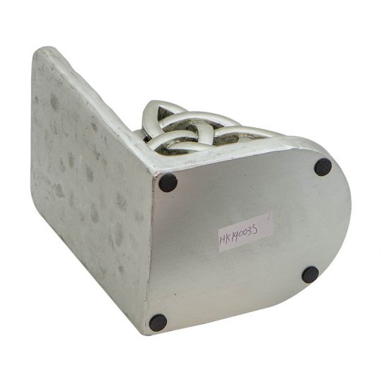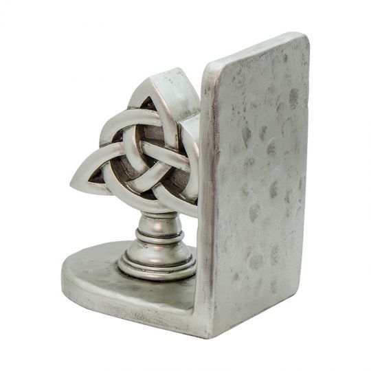 It is a great embellishment to your bookcase.  These silver-toned, almost pewter colored set of bookends are simple in design yet a very classic and elegant decor item.  They are made of cold cast resin - heavy to hold books in place.  Each one measures 6.5 inches x 5 inches x 4 inches.
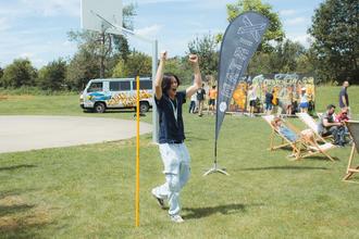 Auf dem großzügigen Außengelände gab es zahlreiche sportliche Aktivitäten, darunter Basketball, BMX- und Skateboardfahren. Besonders die Klimmzugstange war ein Highlight. Außerdem konnten die Jugendlichen ihr Talent im Schwindelfußball austesten.
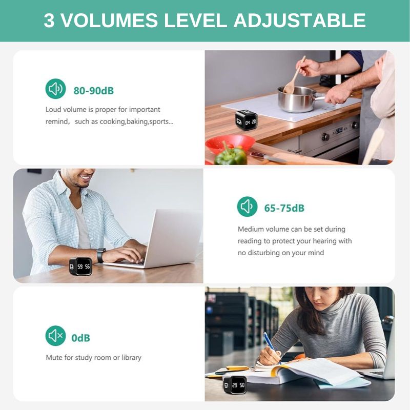 Whether you enjoy complete silence or an audible notification, our Smart Cube Timer offers three sound options: silent/vibration, low (70-80 dB), and high (90-100 dB). This versatile digital timer is ideal for quiet offices as a Pomodoro timer, or in bustling kitchens as a reliable kitchen timer. Keep to your timetable without disturbing your surroundings, making it the perfect work timer for any scenario.
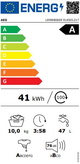 - Energieverbrauch in Kw/h pro 100 Waschzyklen.: 41
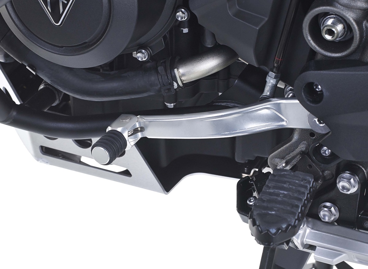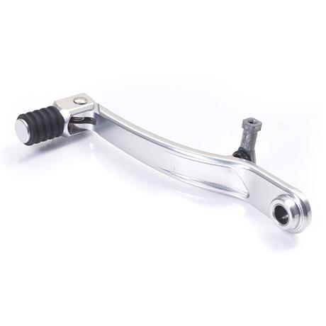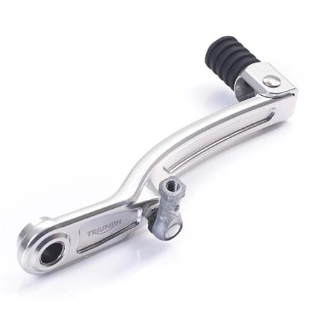The Triumph Folding Gear Pedal is CNC machined 6061-T6 aluminum. The rubber toe peg cover gives increased traction when riding on unforgiving terrain.
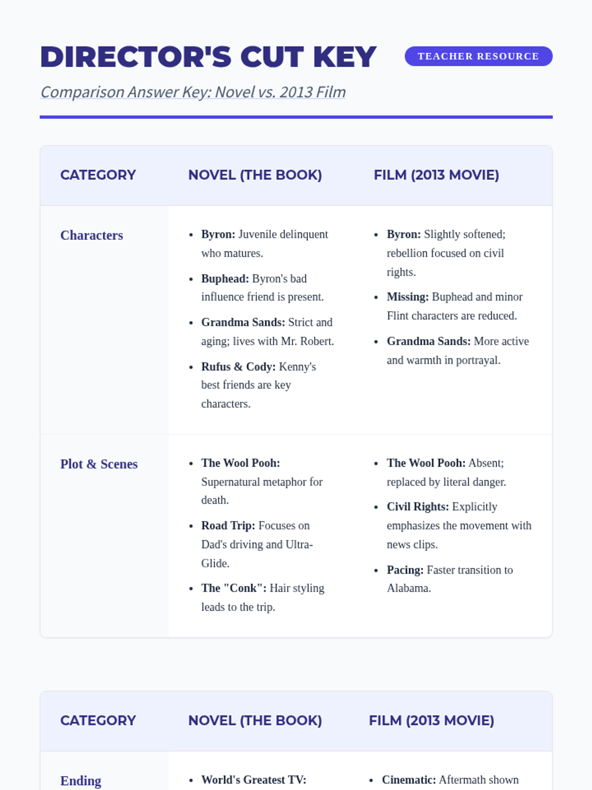 A comprehensive answer key for teachers comparing the book and movie versions of 'The Watsons Go to Birmingham', featuring character changes, plot adjustments, and ending variations.
========================================================================
The listing must be repeated word for word, and none of its pictures may appear in the copy.

RESPONSE TO THE TASK:
 It is a great embellishment to your bookcase.  These silver-toned, almost pewter colored set of bookends are simple in design yet a very classic and elegant decor item.  They are made of cold cast resin - heavy to hold books in place.  Each one measures 6.5 inches x 5 inches x 4 inches.
 Auf dem großzügigen Außengelände gab es zahlreiche sportliche Aktivitäten, darunter Basketball, BMX- und Skateboardfahren. Besonders die Klimmzugstange war ein Highlight. Außerdem konnten die Jugendlichen ihr Talent im Schwindelfußball austesten.
 Whether you enjoy complete silence or an audible notification, our Smart Cube Timer offers three sound options: silent/vibration, low (70-80 dB), and high (90-100 dB). This versatile digital timer is ideal for quiet offices as a Pomodoro timer, or in bustling kitchens as a reliable kitchen timer. Keep to your timetable without disturbing your surroundings, making it the perfect work timer for any scenario.
 - Energieverbrauch in Kw/h pro 100 Waschzyklen.: 41
The Triumph Folding Gear Pedal is CNC machined 6061-T6 aluminum. The rubber toe peg cover gives increased traction when riding on unforgiving terrain.
 A comprehensive answer key for teachers comparing the book and movie versions of 'The Watsons Go to Birmingham', featuring character changes, plot adjustments, and ending variations.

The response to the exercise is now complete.